During the war, he commissioned and served as commanding officer of the USS Lardner and the USS Hickox and as commander, destroyer division 92. For service during this period he was awarded the following citations; two commendation ribbons, both with the combat “V,” two Bronze Star Medals, both with the combat “V” and a Silver Star Medal. From Feb., 1945, until the end of the war, he served on the staff of the commander in chief, U.S. Fleet, and chief of naval operations in Washington.
After the war he served as Naval Attaché, American Embassy, Belgrade, Yugoslavia (and while on this duty as naval advisor to the United States Representative at the International Conference of the Danube, in 1948), professor of naval science, Dartmouth College; Commander, Destroyer Squadron 32; chief of staff to commander, Hunter Killer Force, Atlantic; Naval Attaché, American Embassy, Moscow, USSR and president of the General Court Martial of the First Naval District.
After retirement from the Navy in 1956, Adm.
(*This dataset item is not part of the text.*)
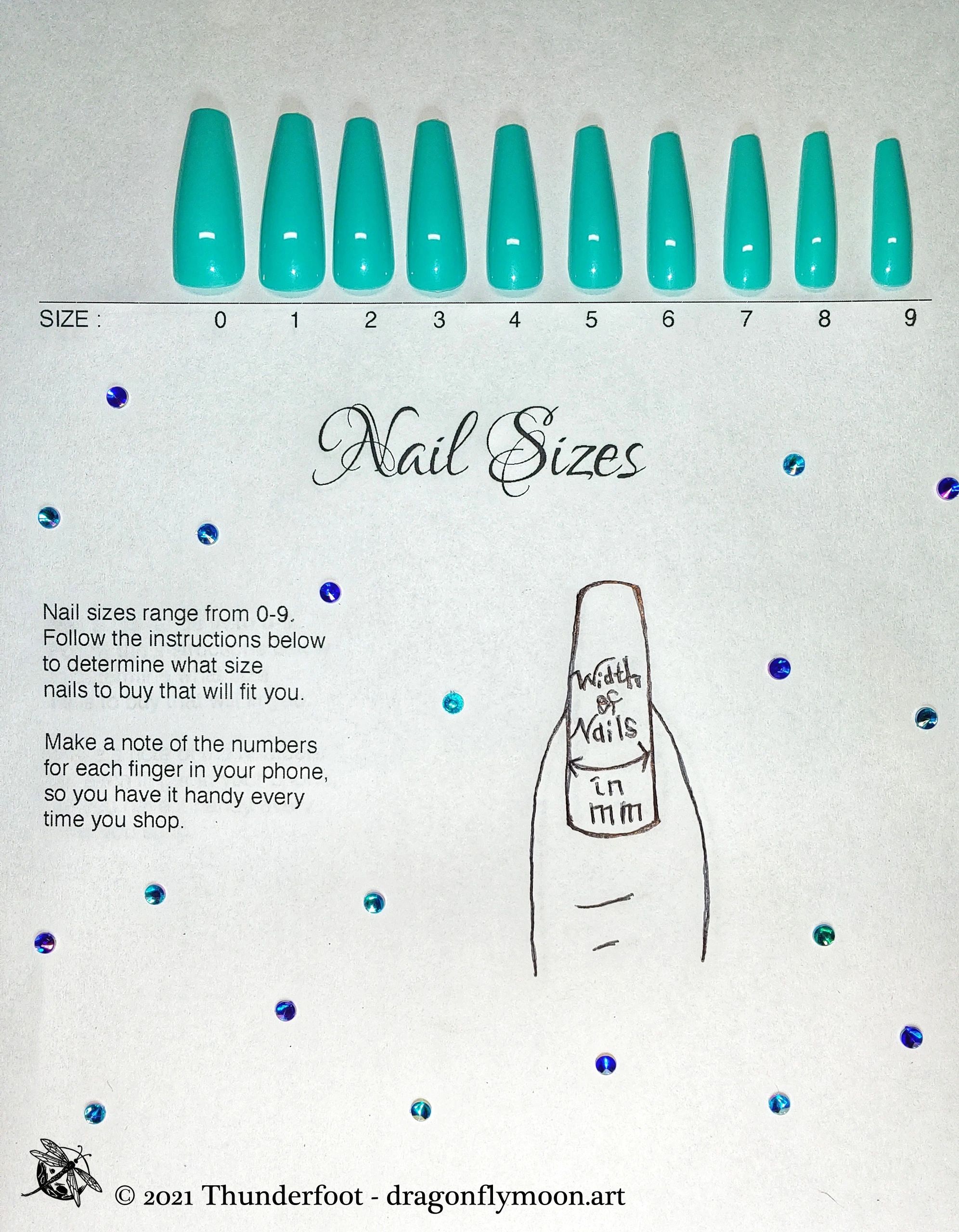 Place the soft tape measure across the widest part of each finger on your natural nail. Then read the millimeters from one side to the other. Look at the chart above to find the corresponding number (0-9; now carrying sizes 10 and 11 not pictured above). Write down the number for each finger on both hands. It is important to do both hands because sometimes we can have a. Finger that is different from one hand to the other. Also, you might not have a standard size fingernail and will need a custom set made.

Sweetser attended graduate school at Purdue University and was awarded a Master of Science degree. Following this, he taught mathematics at LaSalle University until 1972, when he returned to Gray. There he and his late wife, Barbara (Bigelow), assisted in preparing and published a history of Gray.
He is survived by a son, Willard Merton Sweetser Jr. of Annapolis, Md.; a daughter, Ellen S. (Mrs. Philip B.) Allen, of Stony Brook, N.Y.; seven grandchildren; and five great-grandchildren.